Visão da gestora

BC indica que fim do ciclo de alta da Selic se aproxima, enquanto só uma recessão pode frear inflação nos EUA, diz Pedro Jobim, da Legacy

Para o economista-chefe da gestora, até que haja uma recessão nos Estados Unidos, o Brasil pode seguir se beneficiando do fluxo de capital estrangeiro

Por  Bruna Furlani -

Em meio a idas e vindas nas negociações entre Rússia e Ucrânia, e diante da intensificação das pressões inflacionárias que agravam um quadro preocupante da política monetária no Brasil, o Banco Central sinalizou corretamente que o fim do ciclo de juros está próximo. E mais: a dose de juro real adotada pelo BC é suficiente para aguentar os choques de inflação.
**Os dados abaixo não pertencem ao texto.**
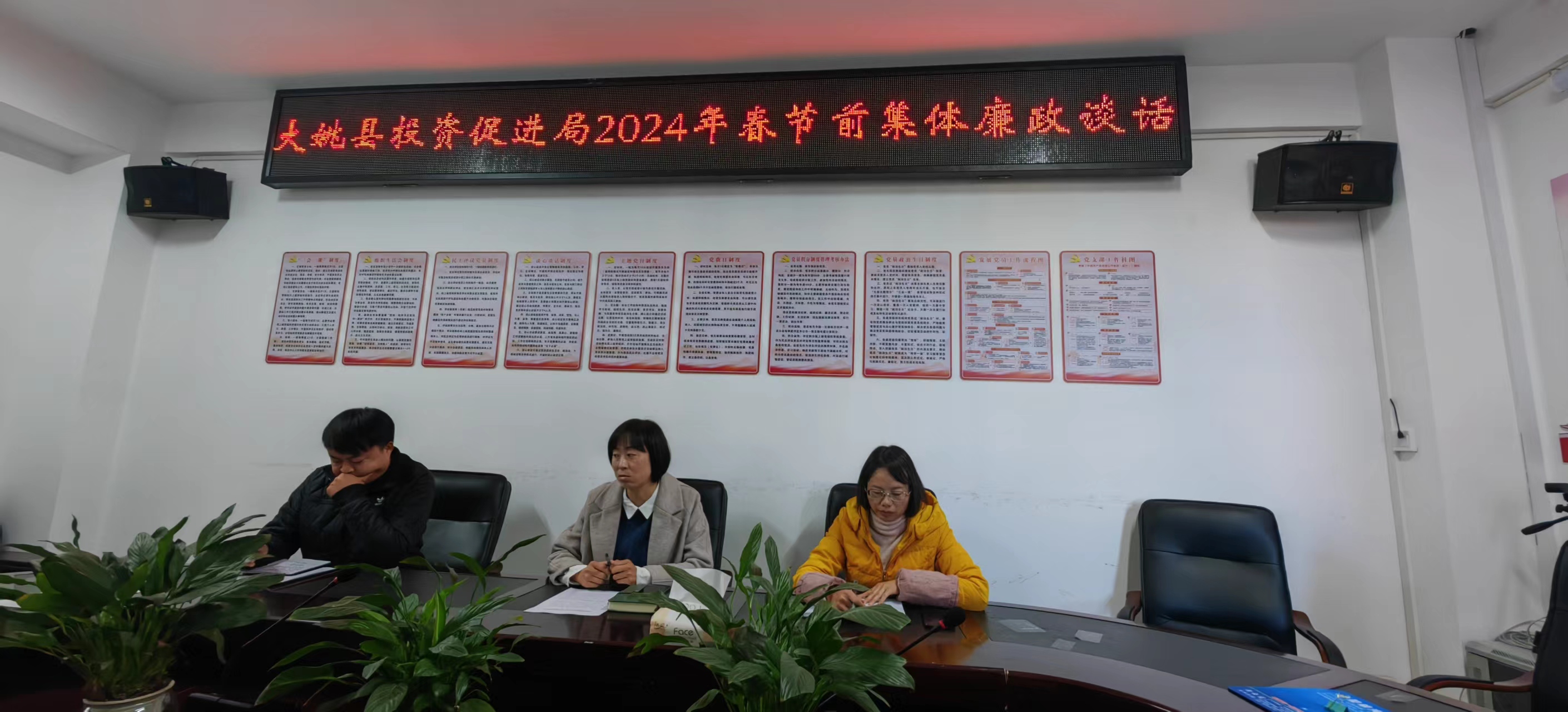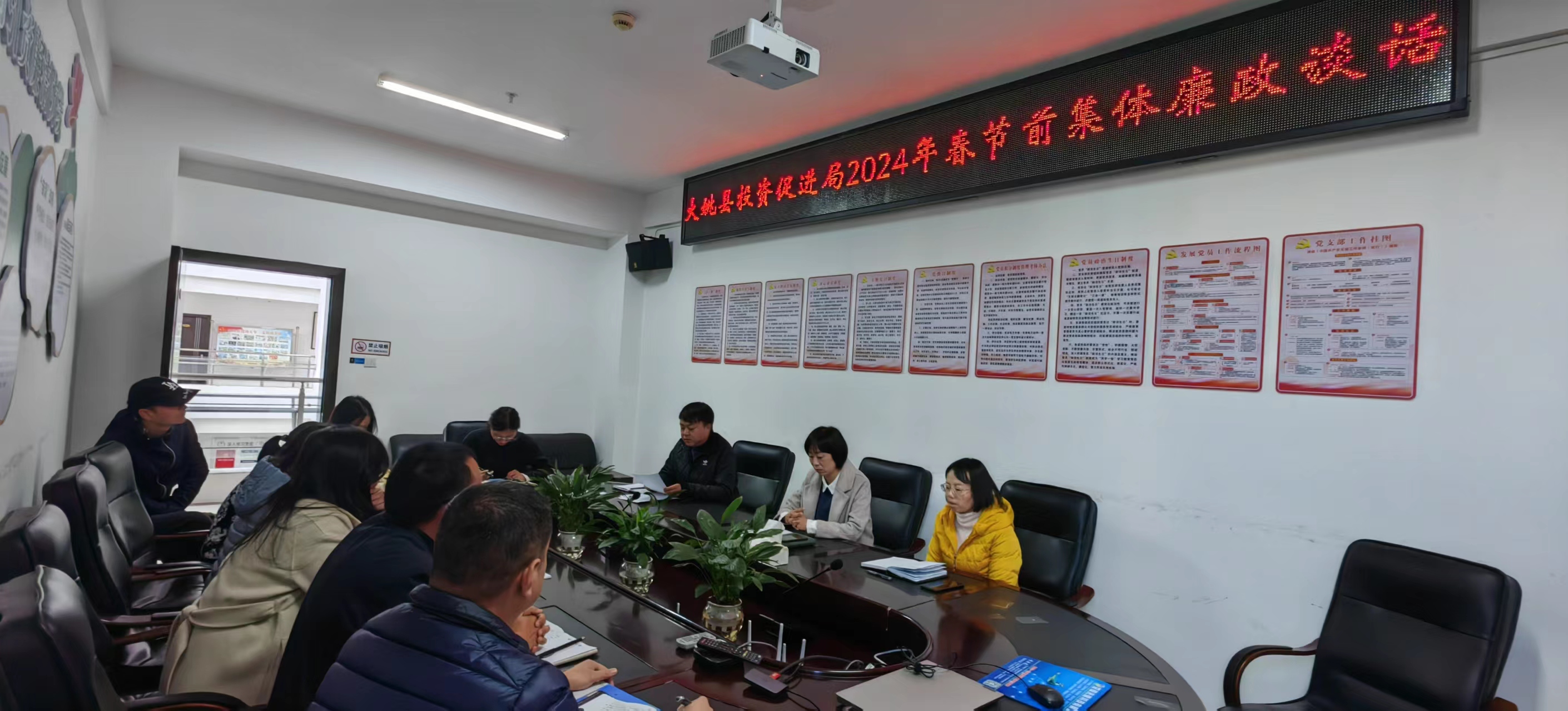 为进一步落实全面从严治党主体责任,筑牢干部职工廉洁自律思想防线,坚持“教育在先、警示在先、预防在先”的原则。1月31日,县投资促进局召开2024春节前集体廉政谈话,党组书记、局长蔡荣婕对全体干部职工进行节前谈话提醒。

Essa, pelo menos, é a visão de Pedro Jobim, sócio e economista-chefe da gestora Legacy Capital.

Jobim não descarta a possibilidade de que o Banco Central tenha que estender um pouco mais o ciclo. Mas diz que vê como bastante remota a chance de que a alta da Selic vá até o segundo semestre deste ano. “O juro no Brasil já está bastante alto. Depois de um tempo, fica contraproducente e as metas têm espaço para acomodar isso”, diz.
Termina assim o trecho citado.